Skinner MA, Choudhury MS, Homan SD, Cowan JO, Wilkins GT, Taylor DR

Department of Medicine, Dunedin School of Medicine, University of Otago, Dunedin, New Zealand.

STUDY OBJECTIVES: To evaluate the frequency of sleep-disordered breathing (SDB) in patients presenting with acute cardiovascular events. DESIGN: Repeat observational study. SETTING: Coronary care unit of a university hospital. PATIENTS: A total of 26 patients presenting with unstable angina, myocardial infarction, or left ventricular failure. MEASUREMENTS: Level 3 portable sleep study performed at the time of acute presentation (study 1; 26 patients) and again > or = 6 weeks later (study 2; 18 patients).
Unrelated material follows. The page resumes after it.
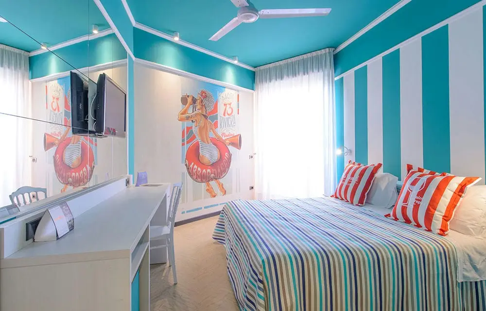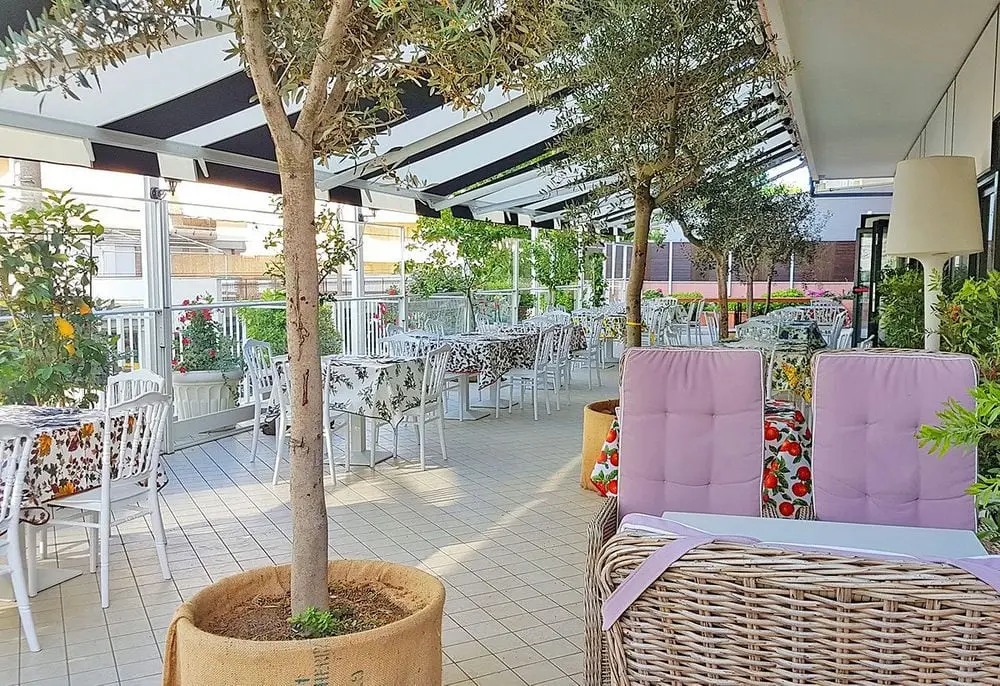 Ресторан Cage Club (завтрак «шведский стол» с 7:30 до 10:00) - на 1 этаже отеля, итальянская и интернациональная кухня, детокс-напитки, кофейный уголок, дизайн разработан всемирно известным архитектором Лукой Таусани Феррини, есть большая и светлая терраса с видом на море, на сцене установлено пианино, проводятся музыкальные шоу и различные мероприятия.

RESULTS: SDB (apnea-hypopnea index > or = 15) was identified in 13 of 26 patients (50%) during study 1. One patient had central sleep apnea. Of the 18 who completed the two studies, SDB was confirmed in 10 of 18 patients (56%) during study 1 but in only 5 of 18 patients (28%) during study 2. All five of those patients had obstructive sleep apnea (OSA). Six patients were deemed to have false-positive results for SDB at follow-up, and one patient was deemed to have a false-negative result. Detailed analysis suggested that supine posture during study 1 may have contributed to the high false-positive rate, even though only three of six patients fulfilled the criteria for positional OSA. CONCLUSIONS: SDB occurs commonly in patients presenting with an acute cardiovascular event. Consideration of the diagnosis of SDB is an important strategy for secondary prevention. However, our findings indicate that SDB abnormalities may be transient. Sleep studies to investigate SDB as a potential risk factor for cardiovascular morbidity should be carried out when the patient is clinically stable.

Published 17 January 2005 in Chest, 127(1): 66-71.